For years, rumors of the “Marsh Girl” haunted Barkley Cove, a quiet fishing village. Kya Clark is barefoot and wild; unfit for polite society. So in late 1969, when the popular Chase Andrews is found dead, locals immediately suspect her.

But Kya is not what they say. A born naturalist with just one day of school, she takes life's lessons from the land, learning the real ways of the world from the dishonest signals of fireflies. But while she has the skills to live in solitude forever, the time comes when she yearns to be touched and loved. Drawn to two young men from town, who are each intrigued by her wild beauty, Kya opens herself to a new and startling world—until the unthinkable happens.
In Where the Crawdads Sing, Owens juxtaposes an exquisite ode to the natural world against a profound coming of age story and haunting mystery. Thought-provoking, wise, and deeply moving, Owens’s debut novel reminds us that we are forever shaped by the child within us, while also subject to the beautiful and violent secrets that nature keeps.
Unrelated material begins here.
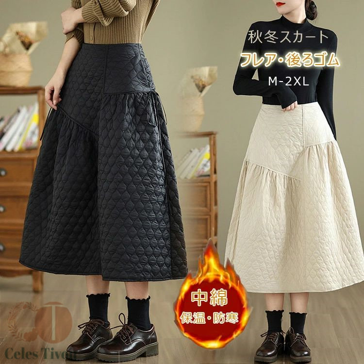 キルティングスカート フレア スカート レディース 秋冬 ウエストゴム ポケット付き ハイウェスト 可愛い あたたかい 中綿 キレイめ ロングスカート Aライン キルティング きれいめ フレアスカート
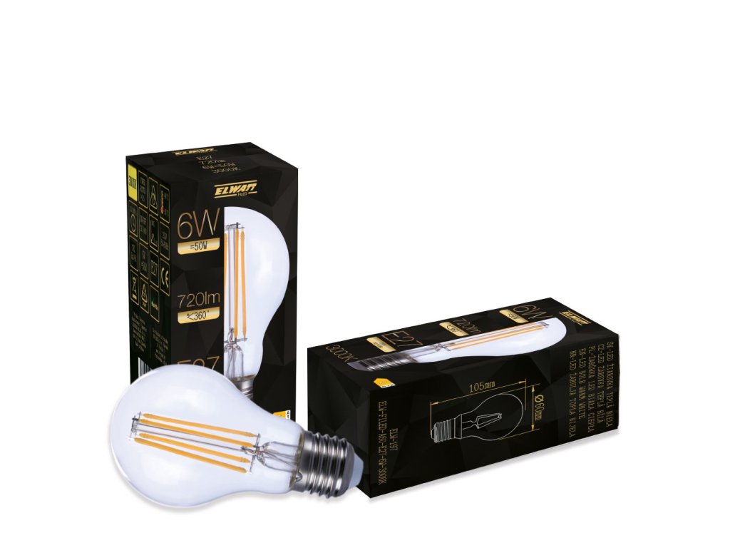 LED žiarovka FILAMENT - A60 E27 6W/3000K - 720lm - ELWATT - ELW-197 • LED žiarovka FILAMENT • Pätica: E27 • Príkon: 6W • Ekvivalent: 6W=50W • Farba svetla: 3000K/ teplá biela • Svetelný tok: 720lm • Tvar svetelného zdroja: A60 • Aplikované napätie: 230V, 50Hz • IP ochrana: IP20 • Rozmer: 105mm x 60mm • Životnosť: 30 000h • On/off: 20 000Dodatočné parametre

The story asks how isolation influences the behavior of a young woman, who like all of us, has the genetic propensity to belong to a group. The clues to the mystery are brushed into the lush habitat and natural histories of its wild creatures.

In the summer of 2018, Putnam published an unusual debut novel by a retired wildlife biologist named Delia Owens. The book, which had an odd title and didn’t fit neatly into any genre, hardly seemed destined to be a blockbuster, so Putnam printed about 28,000 copies.

It wasn’t nearly enough.

A year and a half later, the novel, “Where the Crawdads Sing,” an absorbing, atmospheric tale about a lonely girl’s coming-of-age in the marshes of North Carolina, has sold more than four and a half million copies. It’s an astonishing trajectory for any debut novelist, much less for a reclusive, 70-year-old scientist, whose previous published works chronicled the decades she spent in the deserts and valleys of Botswana and Zambia, where she studied hyenas, lions and elephants.